The obligatory post

February 26th, 2009 § 11

I love Rahman. I’ve loved him ever since I was a little girl and first heard his music in Roja. I am very happy that he won the Oscar. I would have been happier if he had won it for his best work (which Slumdog certainly isn’t) and if it didn’t take a white man’s film to precipitate this recognition. But I am happy.

Slumdog Millionaire is another matter. I can’t pretend to be surprised considering opinion polls all over the Internet predicted its win. But at a certain level, I am astonished. It’s beautifully shot and I loved the soundtrack. Some of the scenes were memorable. But an Oscar? Really?

Most people who’ve had a problem with Slumdog seem to parrot the same boring (and to my mind, ridiculous), pseudo-patriotic argument of ‘how dare anyone show our dirty underbelly’. The one we carefully keep layered up in all seasons. I have no problems with anyone showing anyone else’s underbelly. What I do have a problem with is weak story and bad acting. And then there’s the small matter of realism.

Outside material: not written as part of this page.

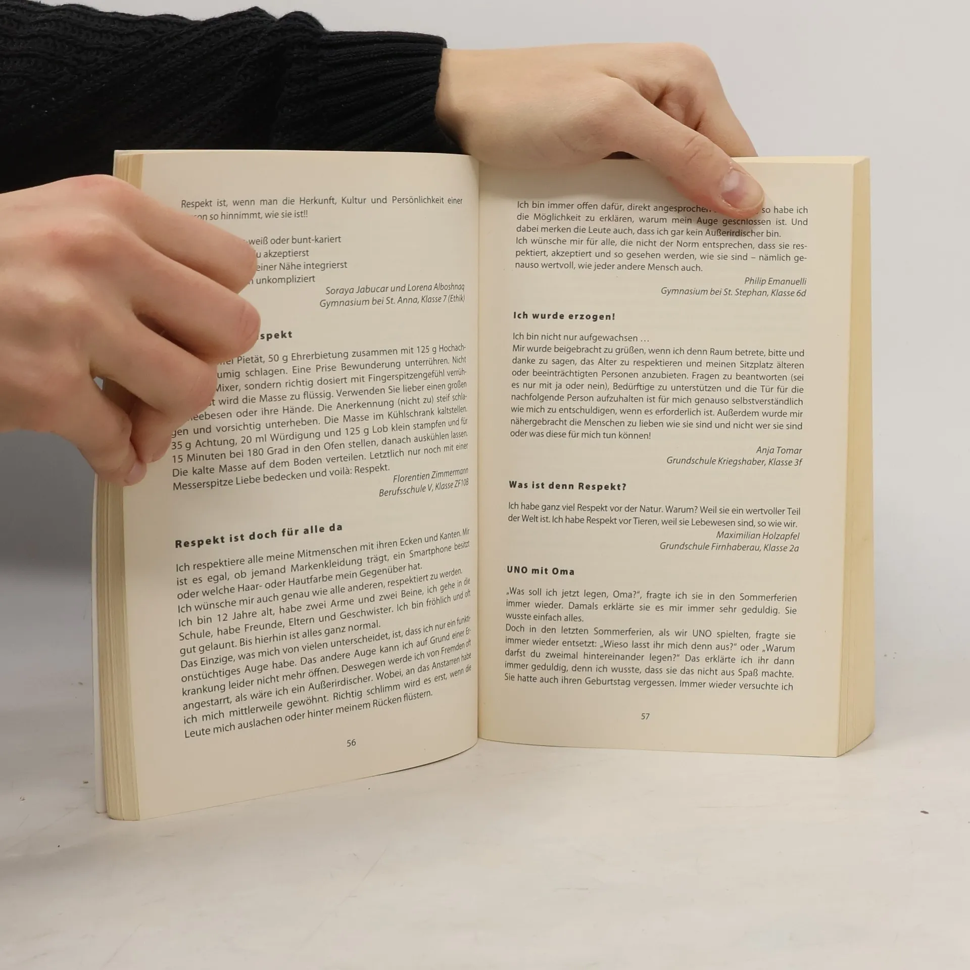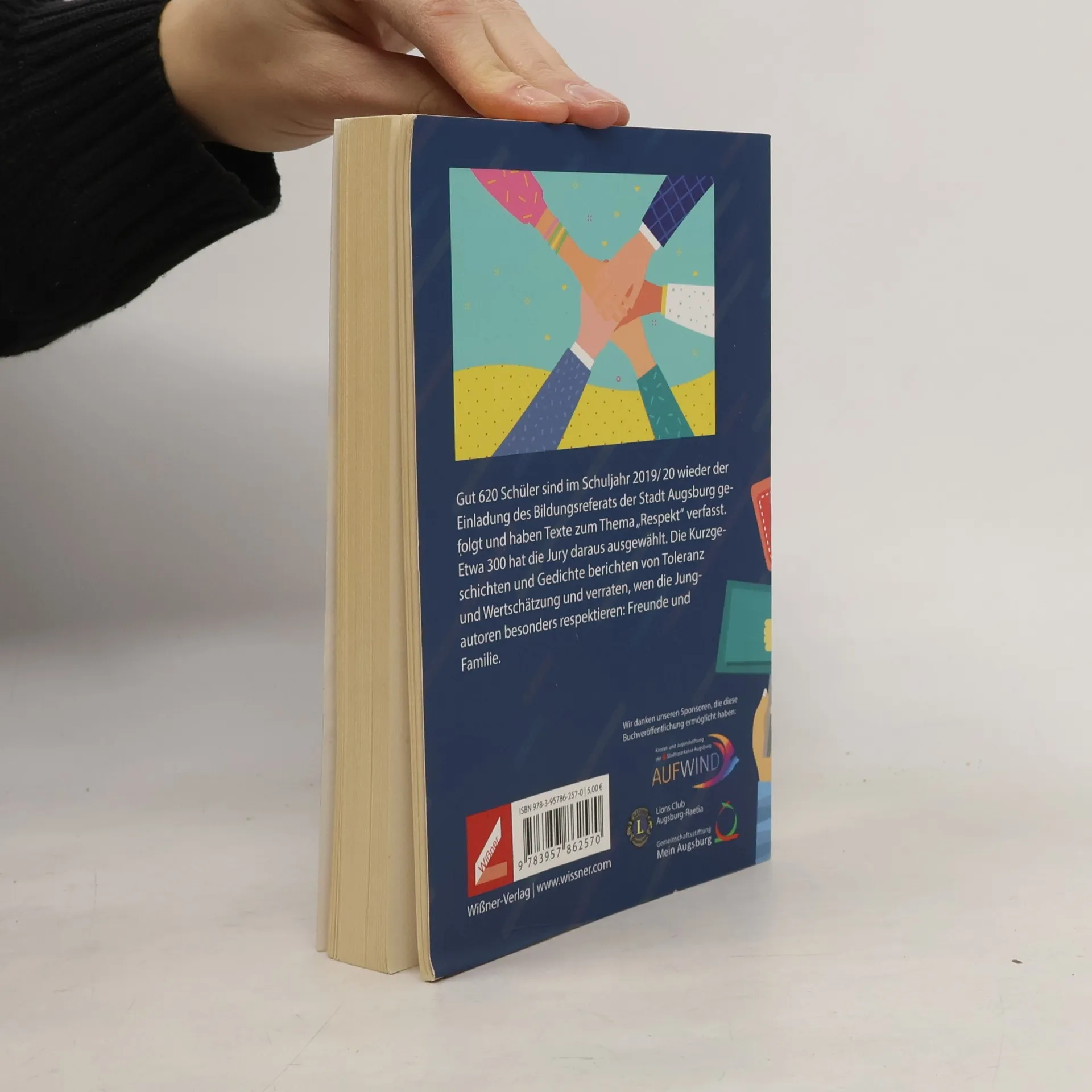 Im Schuljahr 2019/20 haben rund 620 Schüler aus Augsburg Texte zum Thema „Respekt“ verfasst. Die Jury wählte etwa 300 Beiträge aus, die in Kurzgeschichten und Gedichten Toleranz und Wertschätzung thematisieren und die besonderen Respektpersonen der Jungautoren, wie Freunde und Familie, zeigen.
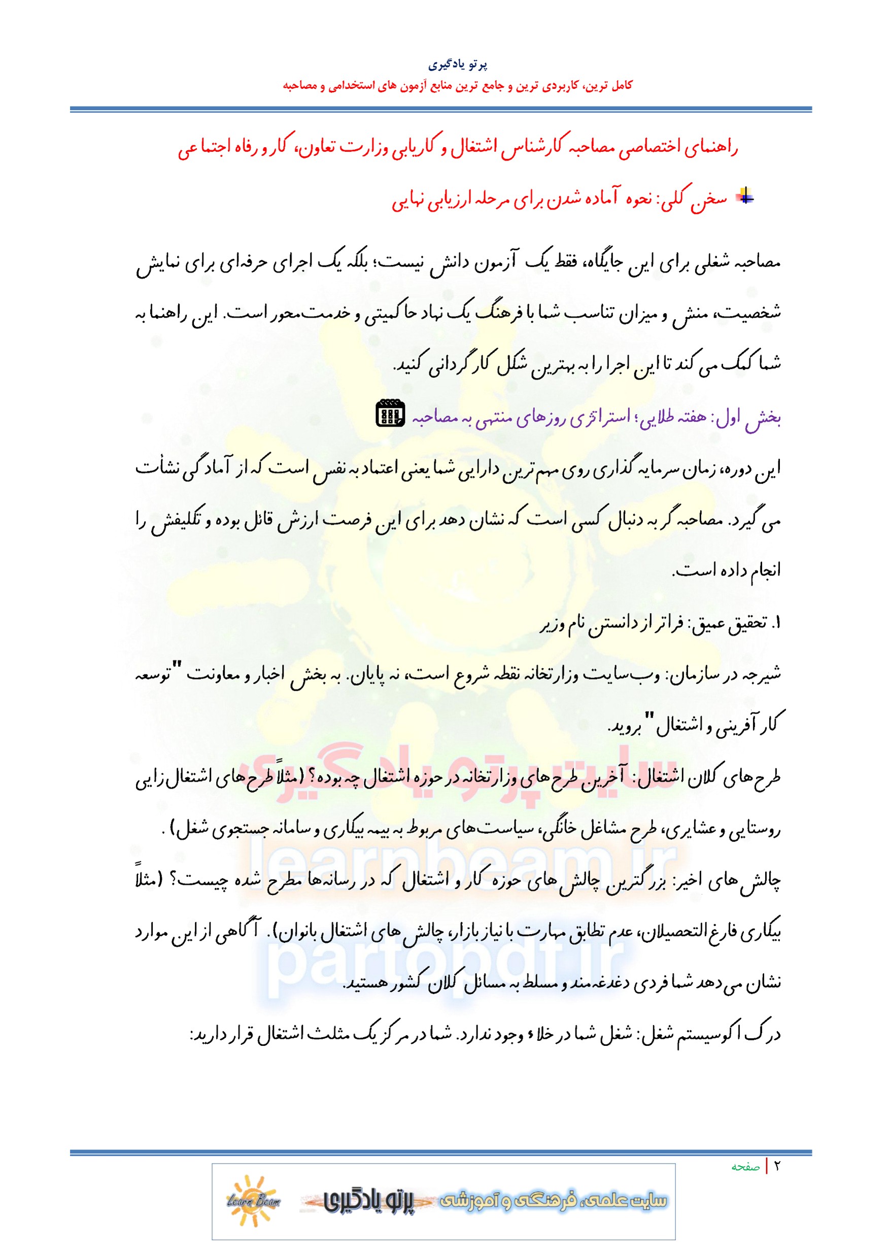 جزوه سوالات مصاحبه استخدامی کارشناس اشتغال و کاریابی استخدامی وزارت تعاون کار و رفاه اجتماعی

Now, clearly, there’s ‘reality’ and there’s reality. Slumdog specialises in one kind. There are the mutilated beggars, the prostitution, the evil mafia but it’s all so nicely sugarcoated with the big story of Redemption and Hope that in the end, all one walks away with is a happy song and visions of them dancing beside empty trains. The mutilated beggars, the prostitution, the domestic violence, police cruelty — all of it forgotten with a humming tune.

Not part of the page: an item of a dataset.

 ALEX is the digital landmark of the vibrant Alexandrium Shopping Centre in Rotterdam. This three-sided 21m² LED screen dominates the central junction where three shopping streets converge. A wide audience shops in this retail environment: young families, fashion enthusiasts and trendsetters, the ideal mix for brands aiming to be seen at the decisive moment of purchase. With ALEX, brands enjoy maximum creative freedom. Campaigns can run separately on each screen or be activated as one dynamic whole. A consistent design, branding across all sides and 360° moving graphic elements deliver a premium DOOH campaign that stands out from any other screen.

Because the movie cleverly skirts around the other reality. The one that happens to real people as opposed to movie people. The one in which poor boys do not know the answers to all the quiz questions because, well, the lack of education? — it’s a bit of a hindrance. The one in which it takes more to rescue a trafficked girl than two teenage boys with one gun. The one in which the simpering heroine is not saved by the love of a good man and has to either cope with the mess — or find her own way out.

Now, I’d be okay with all this skirting around reality (after all, I’m an avid Bollywood consumer) if the movie wasn’t being talked about as ‘realistic’. The fact that it is being talked about as realistic makes me think that many people are seriously delusional. Or there are two kinds of reality and people like one kind but not the other.

Bring on the slums, dude, but throw in a good ol’ love story, will ya? And make it, you know, hopeful?

Okay, so let’s move on to what’s worse about the movie. What’s worse about the movie is its hollow messaging as Mitu Sengupta at Alternet points out:

The film’s real problem is that it grossly minimizes the capabilities and even the basic humanity of those it so piously claims to speak for. It is no secret that much of “Slumdog” is meant to reflect life in Dharavi, the 213-hectare spread of slums at the heart of Mumbai. The film’s depiction of the legendary Dharavi, which is home to some one million people, is that of a feral wasteland, with little evidence of order, community or compassion. Other than the children, the “slumdogs,” no-one is even remotely well-intentioned. Hustlers, thieves, and petty warlords run amok, and even Jamal’s schoolteacher, a thin, bespectacled man who introduces him to the Three Musketeers, is inexplicably callous. This is a place of evil and decay; of a raw, chaotic tribalism.